Черное солнце. Депрессия и меланхолия - Кристева Юлия (читать книги полностью .txt) 📗
Без нее понять Достоевского нельзя. Его диалогизм и полифония [210] проистекают, несомненно, из многих источников. И неправильно было бы пренебрегать православной верой, чья концепция Троицы (различие и единство трех Лиц в обобщенной пневматологии, приглашающей любую субъективность к максимальному развертыванию собственных противоречий) вдохновляет как «диалогизм» писателя, так и его апологию страдания вместе с прощением.
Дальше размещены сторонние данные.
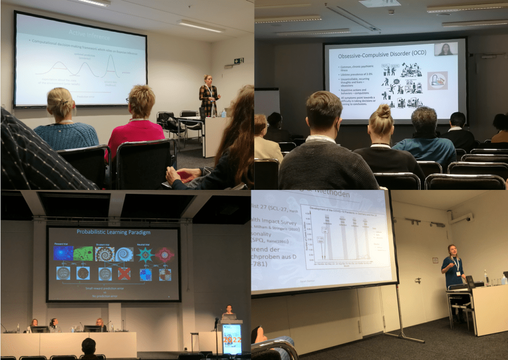 November 23-26, 2022, continued: At the DGPPN, Elisabeth gave a presentation on action selection in psychosis (upper left), Pritha talked about model free and model based decision making in OCD (upper right), Franziska reviewed findings on reward and salience processing in psychosis (lower left) and Sarah presented data on the impact of the COVID-19 pandemic on the increase of schizotypal traits in the general population (lower right).
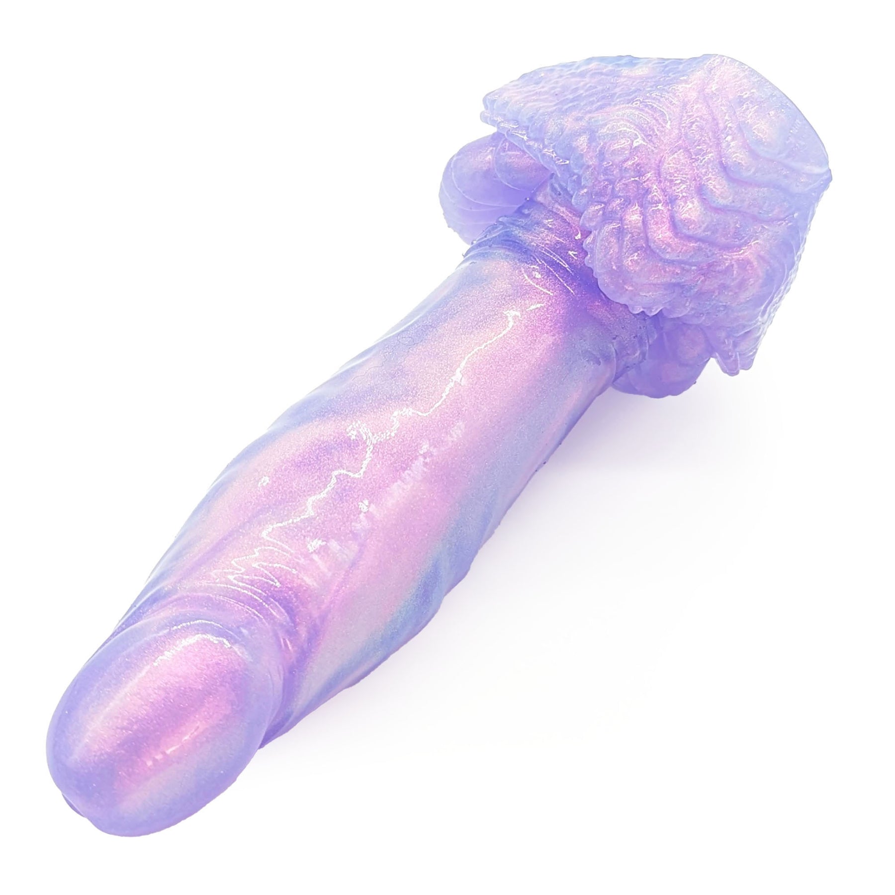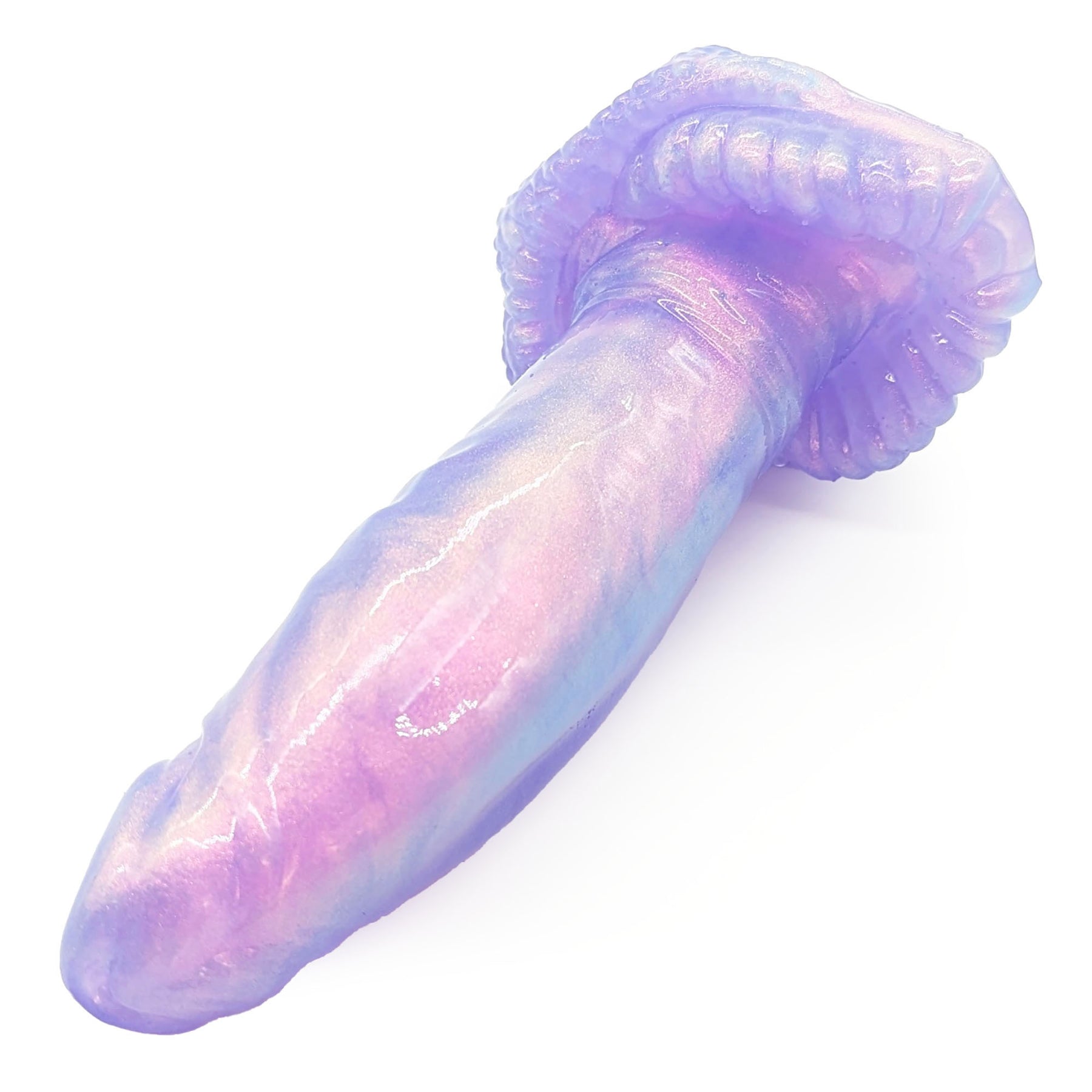 Arok is perfect for those looking for a smooth thrusting toy with a fantasy flare. His comfortably rounded head leads to a proud, straight shaft with very lightly textured veins and folds, plus a bit of gentle ribbing on his upper swell. His base is lovingly detailed with a plethora of textured scales, frills, and nubs.
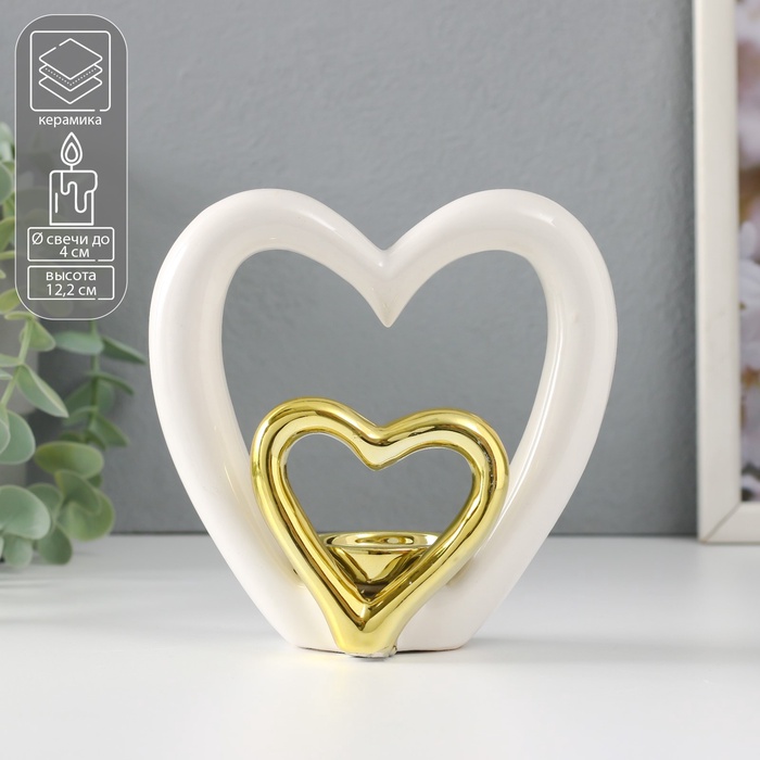 УЦЕНКА Подсвечник керамика на 1 свечу «Сердце в сердце» белое с золотом 12.7×5.5×12.2 см
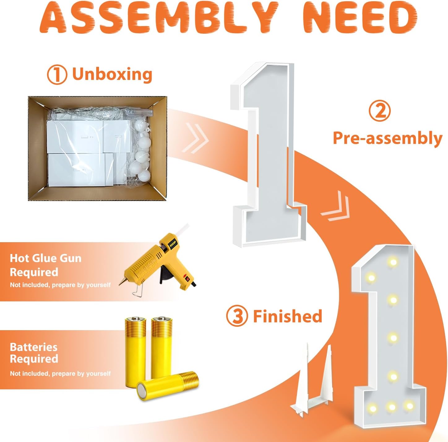 - BRIGHT & SAFE LIGHTING: The light up numbers are powered by 3 AA batteries(not included), ensuring the safety of all your guests. There's a switch on the battery compartment, you can switch the Warm Yellow led light from steady to cheerful flashing, ideal for creating a cozy, inviting ambiance to any celebration or event.
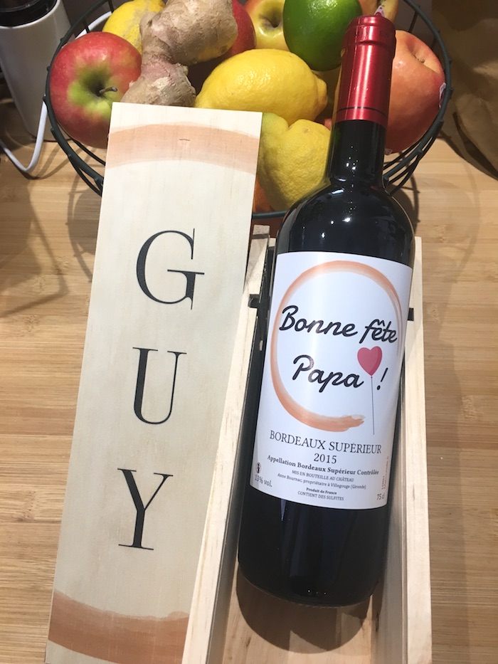Et la bouteille personnalisée est très sympa aussi, nul doute qu’elle ferait son petit effet à mon papa
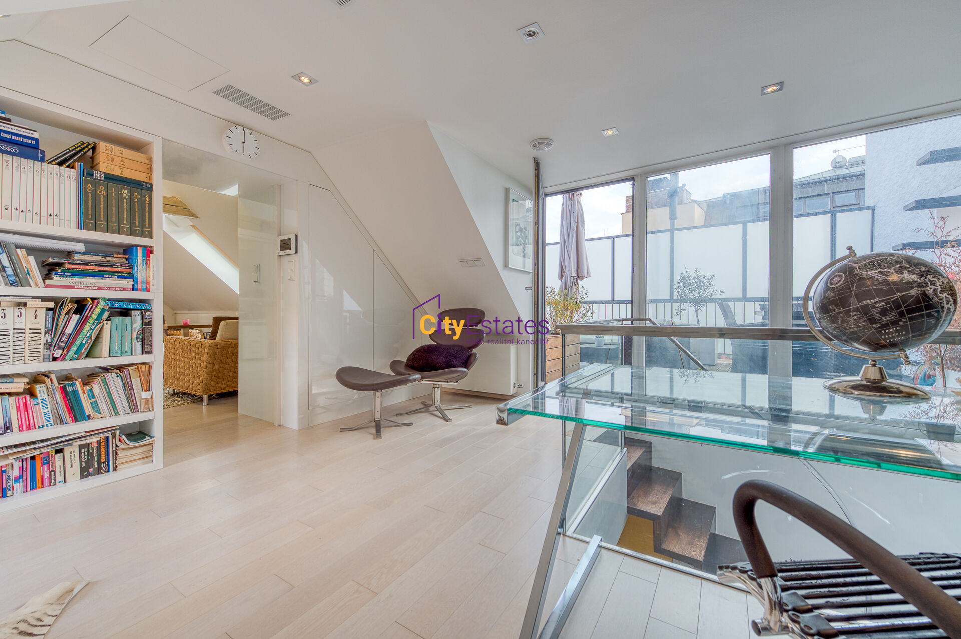 V podkrovní části bytu jsou další dva pokoje – jeden nyní slouží jako pokoj pro hosty s vlastní koupelnou, druhý jako pracovna s balkonem a vstupem na prostornou terasu s letním sezením, kamenným stolem a vzrostlou zelení. Nad touto terasou je druhá střešní terasa s panoramatickým výhledem na Staré Město, Petřín a Hradčany.
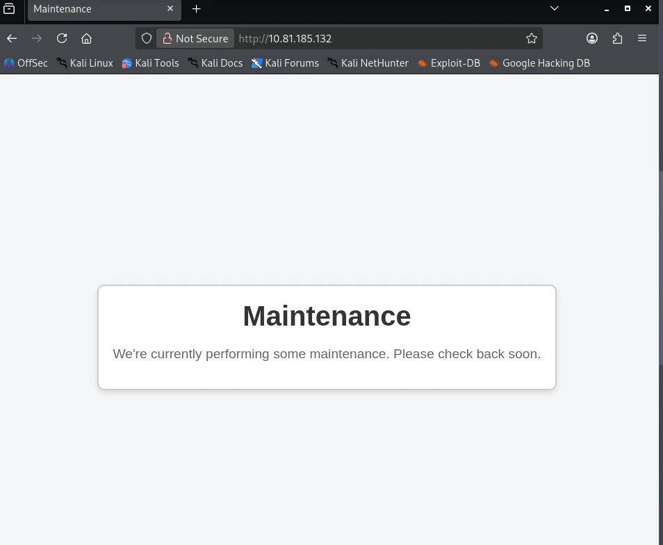 Upon visiting http://10.81.185.132/, we encounter a simple page displaying a “Maintenance” message.
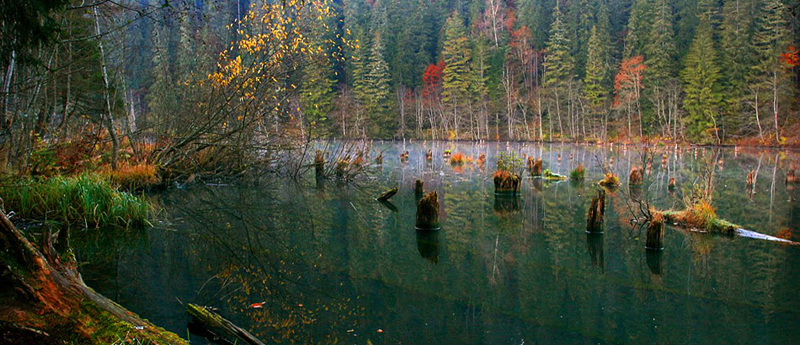 Lacul Roşu şi Cheile Bicazlac baraj natural, stânci, chei Un lac natural, format în 1837 în munţii Hăşmaşului, la 62 de km de Topliţa. O alunecare de teren a zăgăzuit râul care curgea prin defileu. Tulpinile de copaci care se mai ridică şi azi din apă sunt dovada că acolo a existat o pădure de brazi. Ele dau farmecul Lacului Roşu. |
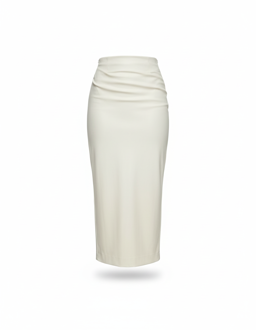 Ce qui distingue notre Jupe Crayon n'est pas seulement sa couleur immaculée, mais la qualité exceptionnelle de son similicuir. Offrant le toucher luxueux du cuir véritable avec une conscience écologique, elle assure une tenue parfaite et un confort durable. Sa coupe crayon emblématique, alliée à des détails subtilement plissés à la taille, crée une silhouette allongée et flatteuse. C'est un investissement dans un style intemporel, une pièce forte qui élève instantanément n'importe quel ensemble, vous positionnant comme une icône de l'élégance contemporaine.
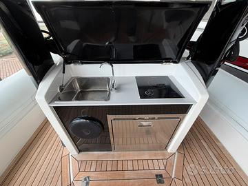 Cantieri Magazzù MX 12 Gran Sport 2017 — costruzione artigianale siciliana, un gioiello unico nel suo segmento. Condizioni impeccabili. 2x Volvo Penta D4-300 (600 HP totali), solo 650 ore moto. Joystick, elica di prua e di poppa: manovri con un dito. 11 metri x 3,80 m | Categoria B Altura | 20 persone | RINA valido fino al 2030 Ponte e pozzetto interamente in teak. T-Top con chiusure complete. Luci subacquee. Cuscineria totale. Elettronica full: radar, plotter GPS, pilota automatico, VHF, computer di bordo, monitor consumi. Aria condizionata, generatore 4 Kw, inverter, cabina matrimoniale a prua con toilette. Piastra vetroceramica, frigo, ghiacciaia. Stereo, TV, impianto audio completo. Salpa ancore elettrico, 3 pompe di sentina, apertura vano motore elettrica. Dotazioni sicurezza entro 12 miglia.
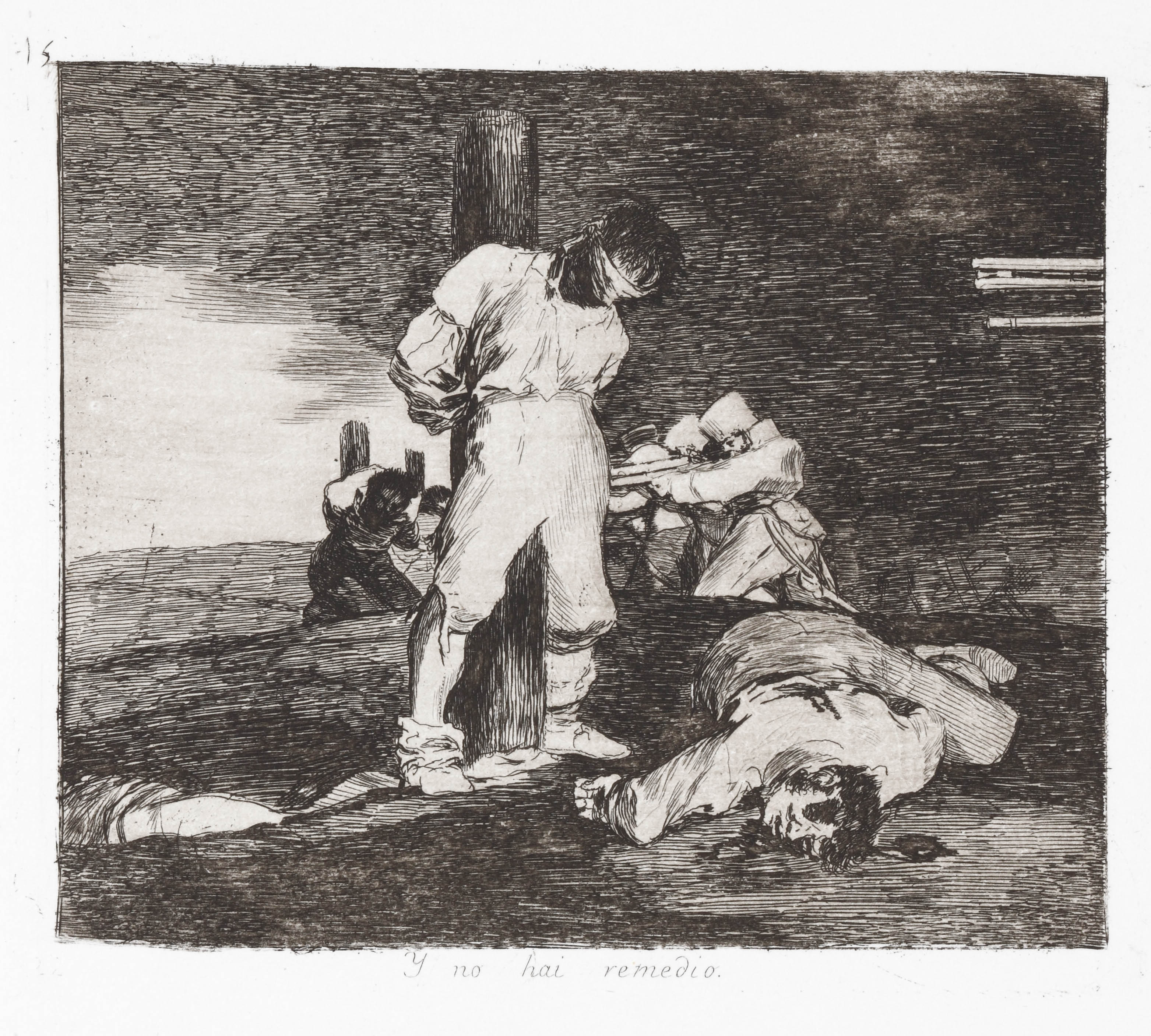 Nº 15. Y no hay remedio. 142 x 168 mm. Aguafuerte, punta seca, escoplo y bruñidor.
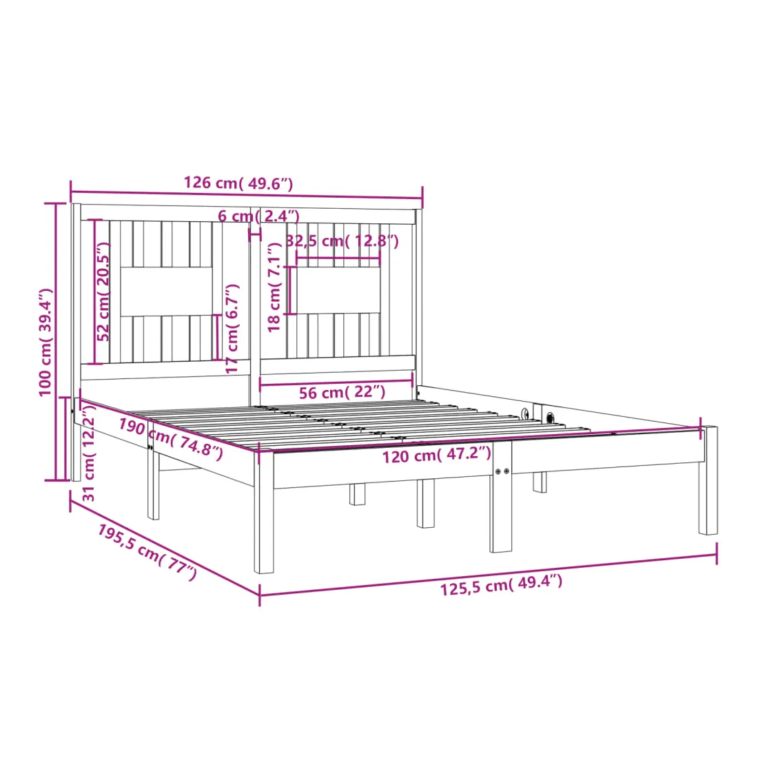 • Dimensions de la tête de lit : 126 x 4 x 100 cm (L x l x H)
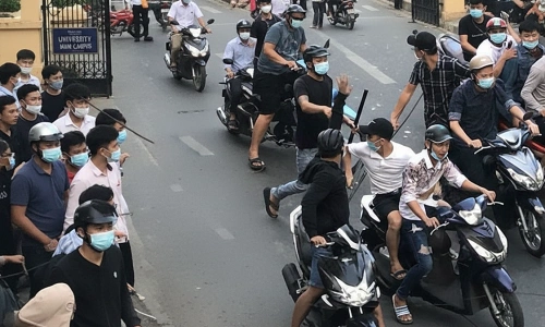 Dùng hung khí nguy hiểm (dao, gậy sắt, chai thủy tinh…)
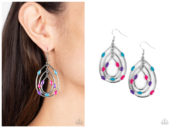 Featuring flattened blue, purple, and Fuchsia Fedora accents, three shimmery silver teardrop frames delicately link into a layered lure for a colorful look. Earring attaches to a standard fishhook fitting.
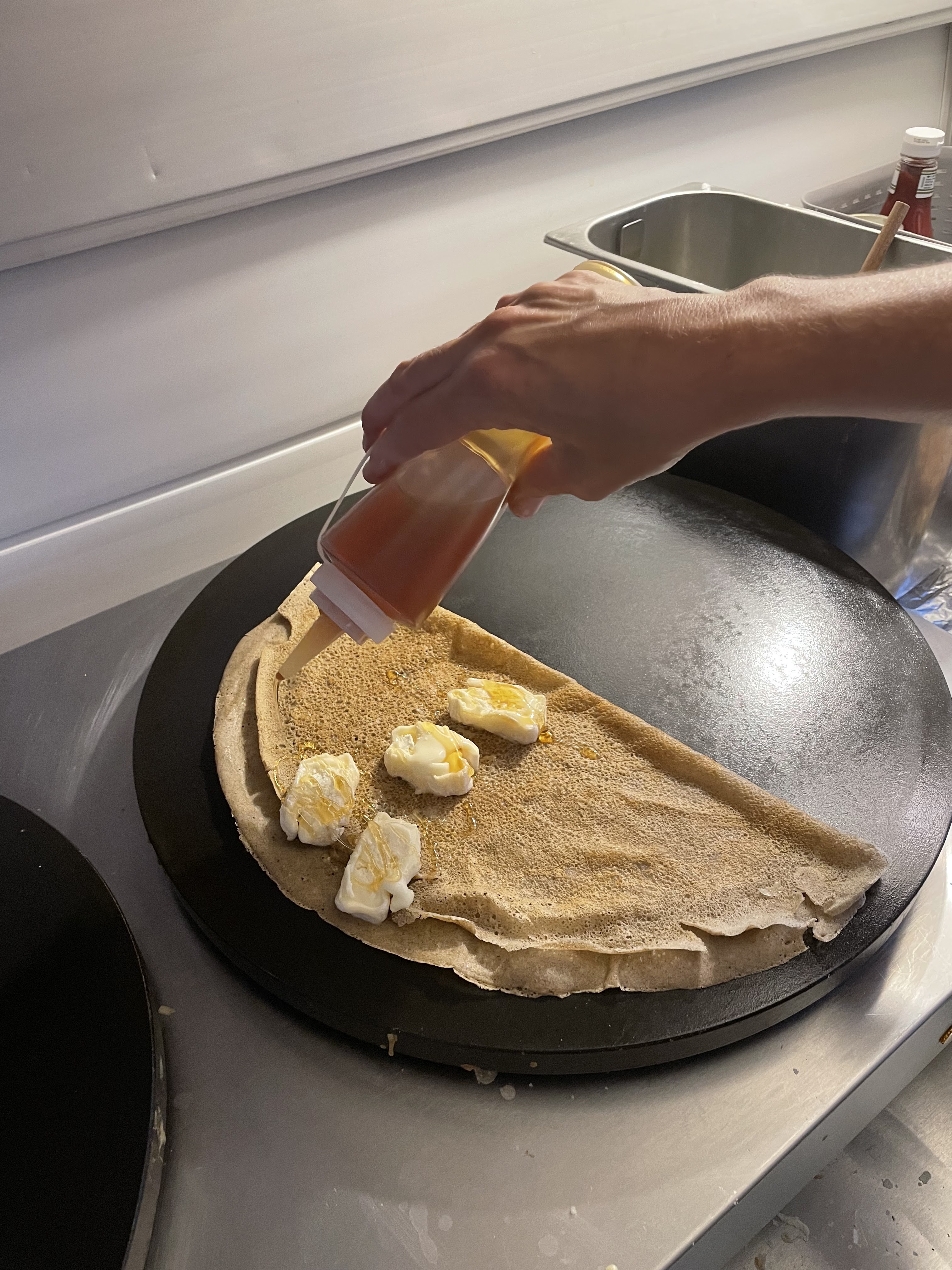 Le seul endroit où on peut déjeuner passé une certaine heure. Délicieuses crêpes préparées avec le sourire.

С этой точки зрения, образ тиранического отца, присутствующий в универсуме Достоевского — именно в нем Фрейд усмотрел источник эпилепсии, а также игрового расточительства (страсти к игре) [211], — следует, если требуется понять не только Достоевского-невропата, но и Достоевского-художника, уравновесить образом благожелательного отца, внутренне присущим византийской Троице с ее нежностью и прощением.
Позиция писателя — это позиция речи: символическая конструкция поглощает и заменяет прощение, как и эмоциональное движение, милость, антропоморфное сострадание. Тезис, гласящий, что произведение искусства является прощением, уже предполагает выход из психологического прощения (которое, однако, учитывается) к уникальному акту, акту номинации и сочинения.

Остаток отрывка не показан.